The plan of the paper is as follows. The monotonicity property that motivates the new method is established in the next section. Then, in Section 3, we describe a simple Krylov subspace process that constructs ${B}_{q}$. The aim of this paper is to present an efficient implementation of the Heart iteration. The new iteration combines Steps 2 - 5 into one “compact” step. This results in a simple effective algorithm that uses less matrix-vector products per iteration. The details of the new iteration are given in Section 4. The paper ends with numerical experiments that illustrate the usefulness of the proposed method.

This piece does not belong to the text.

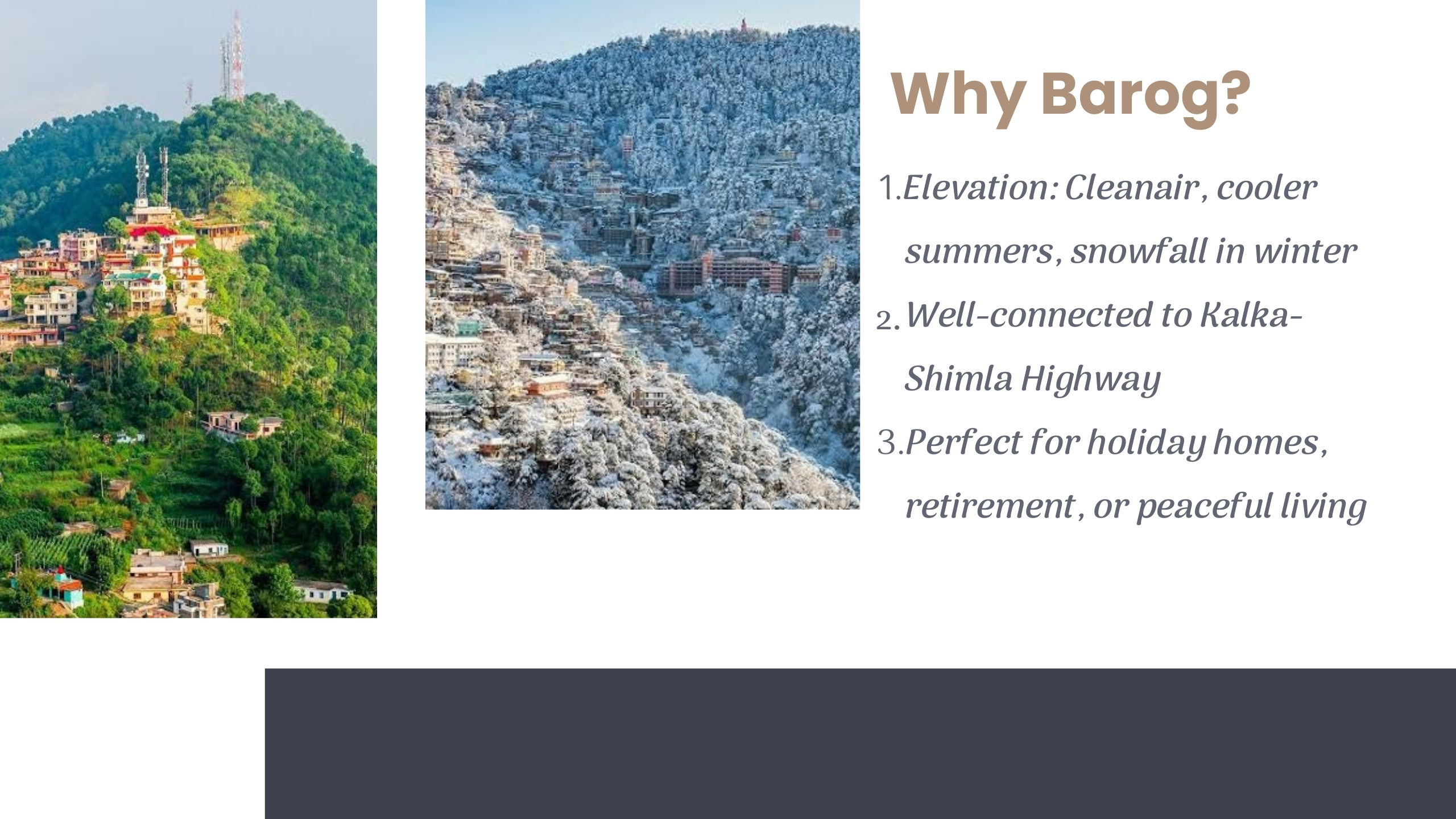 Experience elevated living at Barog Ridge Apartments, a premium S+5 residential development nestled in the scenic hills of Himachal, where nature meets modern luxury. Located near the well-connected Kalka–Shimla Highway, this project offers fresh mountain air, cooler summers, and the charm of snowfall in winter, making it ideal for holiday homes, retirement living, or peaceful everyday life.

2. The Monotonicity Property

In this section we establish a useful property of the proposed method. The proof can be found in former presentations of the Heart iteration, e.g., [5] [6] [7] [8]. Yet, in order to make this paper self-contained, we provide the proof. The main argument is based on the following well-known interlacing theorems, e.g., [11] [15] [23].

Theorem 1 (Cauchy interlace theorem) *Let*
$G\in {\mathbb{R}}^{n\times n}$ *be* *a* *symmetric* *matrix* *with* *eigenvalues*

${\lambda}_{1}\ge {\lambda}_{2}\ge \cdots \ge {\lambda}_{n}\mathrm{.}$ (2.1)

Let the symmetric matrix
$H\in {\mathbb{R}}^{k\times k}$ be obtained from *G* by deleting
$n-k$ rows and the corresponding
$n-k$ columns. Let

${\eta}_{1}\ge {\eta}_{2}\ge \cdots \ge {\eta}_{k}$ (2.2)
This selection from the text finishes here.